# Flow Config Setup

## Why this file exists

The runtime source of truth is the *resolved* flow config, located by pi-flow in precedence order: an explicit `--flow-config` override, then a project-local `<working-dir>/.pi/flow.json`, then the user/global `~/.pi/agent/flow.json`. The resolved config is what `pi-flow helper _shared/resolve-model-dispatch` and `pi-flow helper _shared/resolve-coordinator-dispatch` read. The packaged `flow.example.json` is a starting template only — it captures a working personal configuration as an example and is never read at runtime. See [`../skills/_shared/flow-config-resolution.md`](../skills/_shared/flow-config-resolution.md) for the full resolution algorithm.

## First-time setup

`~/.pi/agent/flow.json` is the user/global location — the fallback used when no project-local config is present. A project may instead carry `<project>/.pi/flow.json` to pin dispatch config to a project-scoped pi-flow install; this file takes precedence over the user/global location for any workflow run from within that project directory.

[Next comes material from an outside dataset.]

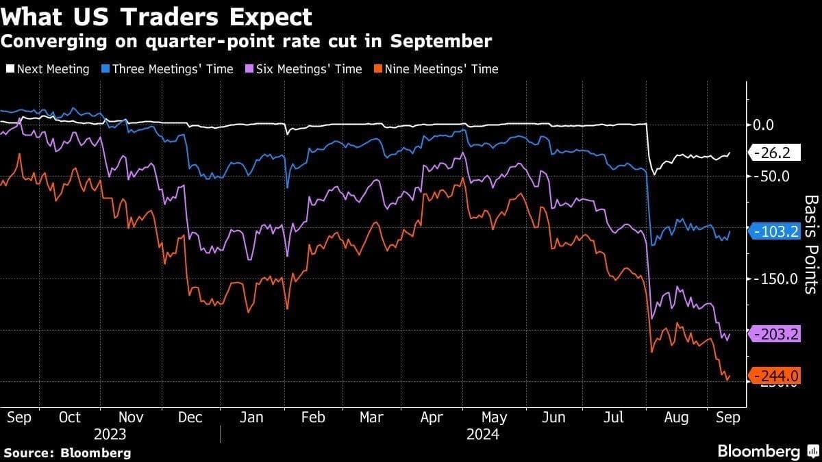 On August 1st, traders were expecting a 48 basis points cut however, now they are predicting only a 26 basis points. Meanwhile, the USD/JPY made new lows, possibly due to Harris gaining momentum in the betting markets compared to Trump.

Copy the example file to whichever location fits your setup:

```sh
# User/global location (fallback for all projects)
cp node_modules/@aphotic/pi-flow-core/flow.example.json ~/.pi/agent/flow.json

# Project-local location (pins dispatch config to this project)
cp node_modules/@aphotic/pi-flow-core/flow.example.json .pi/flow.json
```

If you have the package root handy (e.g. from `pi-flow template`), you can also resolve the path dynamically:

```sh
cp $(pi-flow template _shared/dispatch-contract | sed 's|/skills/_shared/dispatch-contract.md|/flow.example.json|') ~/.pi/agent/flow.json
```

Edit the copied file to match your actual model subscriptions and CLI setup before running any workflows — including the `coordinatorSubagentDispatch.modelChain` list, which must name models you can actually run under `pi`.

## Schema reference

`~/.pi/agent/flow.json` must be valid JSON matching this shape:

```json
{
  "modelTiers": {
    "frontier": "<non-empty model string>",
    "capable":  "<non-empty model string>",
    "standard": "<non-empty model string>",
    "efficient": "<non-empty model string>"
  },
  "crossProviderModelTiers": {
    "frontier": "<non-empty model string>",
    "capable":  "<non-empty model string>",
    "standard": "<non-empty model string>",
    "efficient": "<non-empty model string>"
  },
  "subagentDispatch": {
    "<provider-prefix>": "<cli-name>",
    "anthropic":         "claude",
    "openai-codex":      "codex"
  },
  "coordinatorSubagentDispatch": {
    "modelChain": ["<exact model id>", "..."]
  },
  "executionPolicy": "guarded"
}
```

- `modelTiers` — required when consumed by leaf dispatch; each of the four tier names (`frontier`, `capable`, `standard`, `efficient`) must map to a non-empty model string.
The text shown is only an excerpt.